ECONOMIE CIRCULAIRE. Une partie des terres excavées du Grand Paris va être acheminée en Normandie pour être utilisée comme remblais. L'utilisation des déchets de ce projet avait provoqué un tollé, après que des journalistes aient pointé le taux de sulfates supérieur aux normes autorisées.
Transformer des déchets en matières premières. L'idée séduit, au point que le site de l'ex-raffinerie Petroplus près de Rouen va utiliser environ 900.000 tonnes de terres excavées du chantier du métro Grand Paris pour son remblai. Une information confirmée auprès de l'AFP par Eric Branquet, l'expert à qui la société Valgo à confier le pilotage du chantier normand. Déjà 350.000 tonnes ont été importées par la Seine à Petit-Couronne sur le site où Amazon a un projet de plateforme logistique sur 16 des 52 hectares en reconversion. L'ex-site Petroplus a besoin au total de 1,1 millions de tonnes de remblai, soit 750.000 m3.
Ces terres comprennent des sulfates à un taux autorisé (4.000 à 4.500 mg/kg environ) en raison des techniques prévues pour éviter leur migration dans l'environnement, souligne l'expert. À partir de 1.000 mg/kg, une dérogation est nécessaire selon l'Etat.
Une polémique dans la région
À quelques kilomètres du site seulement, à Cléon, l'utilisation de terres excavées du Grand Paris avait fait grand bruit en mars. L'émission "Complément d'enquête" avait trouvé des taux bien supérieurs, de 8.900 mg/kg. Suite à cela, deux conseillers départementaux Frédéric Marche (DVG) et Nadia Mezrar (PS), inquiets, avaient écrit à l'État. Les sulfates sont "une substance nocive pour l'homme dans l'eau potable", avaient-ils rappelé. Le courrier indique que 650.000 tonnes doivent y être déversées pour remblayer un lac qui jouxte la Seine et des nappes phréatiques.

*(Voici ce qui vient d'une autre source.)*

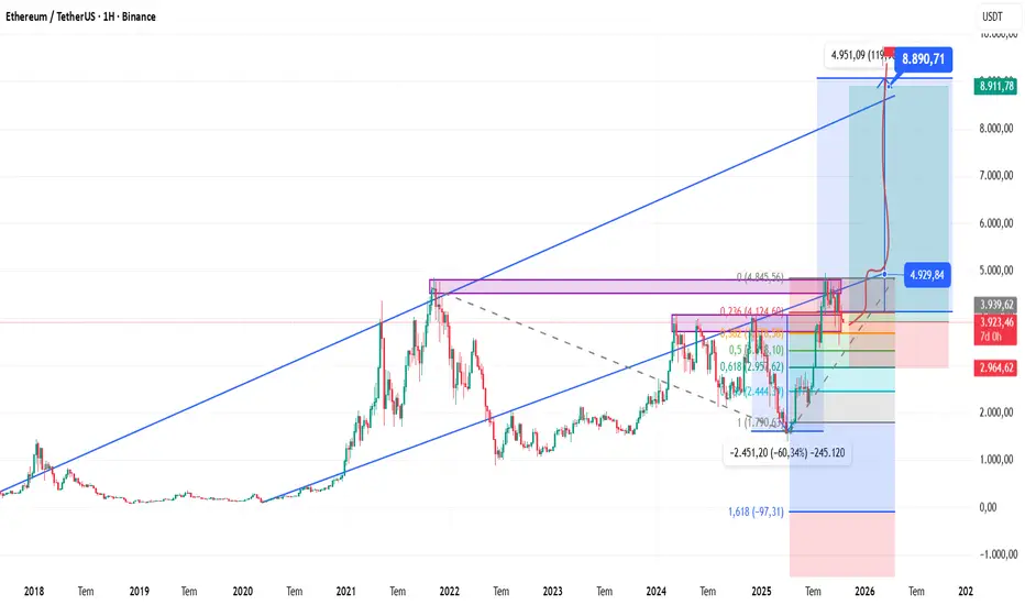 Teknik olarak baktığımızda aylık halen güçlü bir trendin devam ettiğini ancak aynı trendin BTC için geçerli olmadığını Bitcoinde geri çekilme seviyelerinin testinin başladığını 100.000$ altında kaldığı müddetçe Ethereum'un bu süreçte BTC'den pozitif ayrışacağınız BTC ile arasında ki makas farkının kapandıkça BTC.DOM endeksinde geri çekilmelerin devam edeceğini bu kısa vadede 5500$ sıralı hedefini gerçekleştireceğini öngörüyor ve üzerinde kaldığı müddetçe yeni fiyat hedeflerinin geleceğini düşünüyorum.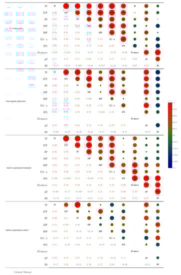 The comparison of indoor and field data revealed that there was no significant difference between the forms of P in the indoor experimental water and those in the field, showing that indoor trials could imitate field settings. The standard deviation of each experimental index in the indoor experiment, on the other hand, was larger than that in the outdoor experiment, indicating that the indoor experimental data have a high level of variability. Simultaneously, there were substantial changes in certain environmental indicators between indoor and outdoor studies. Therefore, while the indoor experiment could imitate the condition of the field experiment, owing to the relatively tiny simulation system, many elements were difficult to regulate, resulting in rather dramatic fluctuations in many indicators of the water body (Table 2). This should be connected to the lesser buffer capacity of the indoor simulation system.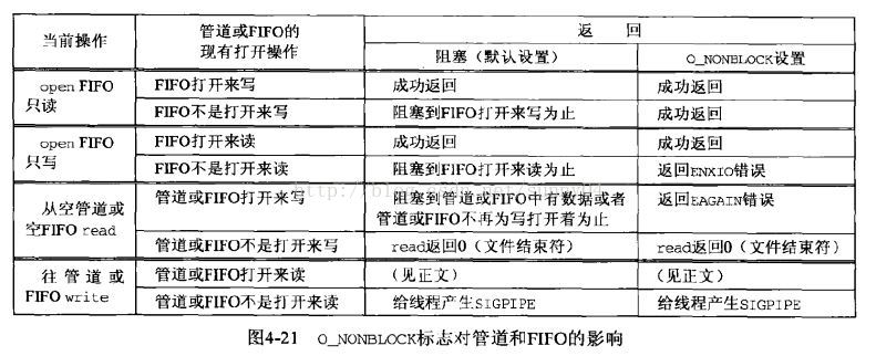 如果当前打开操作是为读而打开FIFO时,若已经有相应进程为写而打开该FIFO,则当前打开操作将成功返回;否则,可能阻塞直到有相应进程为写而打开该FIFO(当前打开操作设置了阻塞标志);或者,成功返回(当前打开操作没有设置阻塞标志)。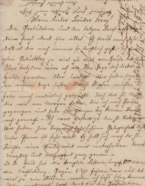 »Ich war gestern zu dem Hl. Sakrament. Wir haben hier Sonntags sehr schöne Gelegenheit dazu. Unser Pfarrer ist sehr nett. Er hat sich nach der Hl. Beichte eine Weile mit mir unterhalten. Kennt Marzdorf und Umgegend ganz genau.«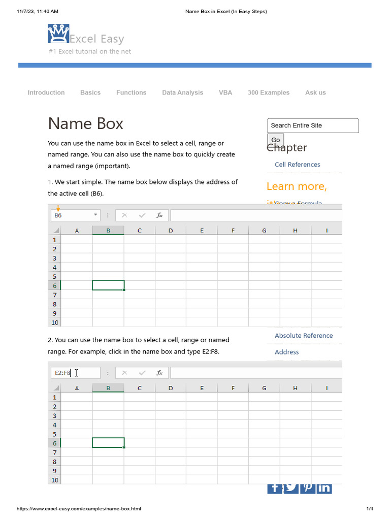 Name Box in Excel (In Easy Steps) | PDF | Microsoft Excel | Software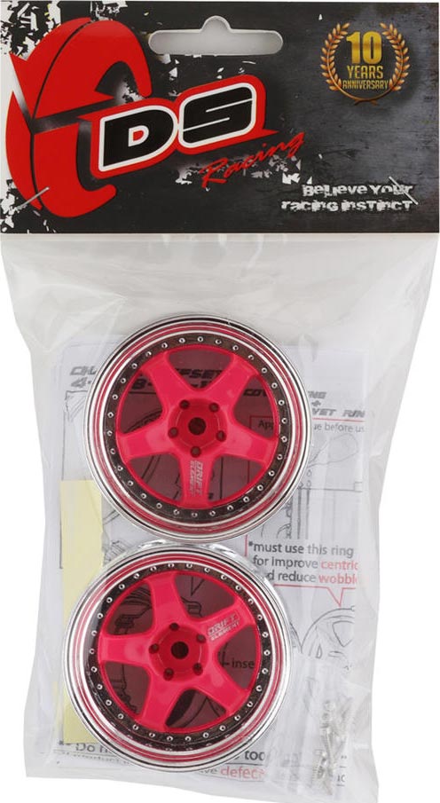 The DS Racing Drift Element 5 Spoke Drift Wheels are a great option to add that custom look to your RC drift car. These wheels feature an adjustable offset allowing you to have a factory, tucked or even stanced look. Each wheel is broken down into five pieces: Inner wheel, Outer wheel, Wheel Face, Inner rivet ring and Outer rivet ring. DS Racing has made these components available in multiple color and style options allowing you to select the wheels that will best match your build.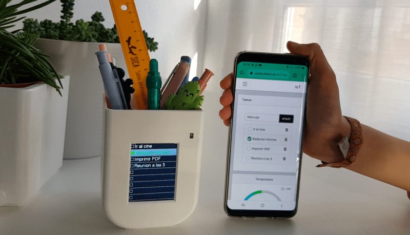 There is an increasing number of home devices connected to the Internet to make our lives more comfortable, from televisions to refrigerators, which is known as IoT. Considering this I have developed a pencil holder with an interactive to-do list, which integrates a screen and a gesture sensor.

Des récents prélèvements montrant que la réglementation était respectée ont rassuré les élus, interrogés par l'AFP le 8 juillet. Ils ont tout de même admis restés "vigilants". De son côté, le mouvement Extinction Rébellion a voulu récemment alerter sur ce sujet, en organisant une action de blocage de sites industriels près de Paris le 29 juin.
40 millions d'euros pour dépolluer le site
Si Eric Branquet assure comprendre l'inquiétude liée au cas de Cléon, il affirme que celui de Petit-Couronne n'a rien à voir. Après remblais, l'eau de la nappe phréatique "sera à huit mètres sous nos pieds" et les remblais sont "compactés" de sorte que "quand il pleut, l'eau ne pénètre pas et donc il n'y a plus de risque de mobilisation des sulfates", détaille-t-il. Les remblais permettront d'aplanir le site et d'élever le niveau du sol d'au moins 50 cm, ce afin de l'éloigner de la pollution résiduelle sous-terraine de la raffinerie. Un peu plus de 2.000 m3 d'hydrocarbures ont été pompés dans la nappe.
Pour Eric Branquet, recycler ces terres est une bonne chose, puisque cela permet d'éviter de prendre des terres naturelles qu'il faudrait, de plus, acheminer par camion, alors que les remblais du Grand Paris sont amenés par la Seine. Cela représente également une grosse économie pour Valgo car les remblais non recyclés lui coûteraient 15 millions d'euros. "Si vous devez payer des sommes gigantesques de matériaux pour remblayer, l'économie du recyclage de la friche n'est plus possible", estime l'expert. Au total, 40 millions d'euros sont nécessaires pour dépolluer l'ex-raffinerie. 2.000 à 3.000 emplois devraient être créés grâce à la reconversion de la friche. Le chantier du Grand-Paris doit produire 23 millions de m3 de terres excavées, selon l'État.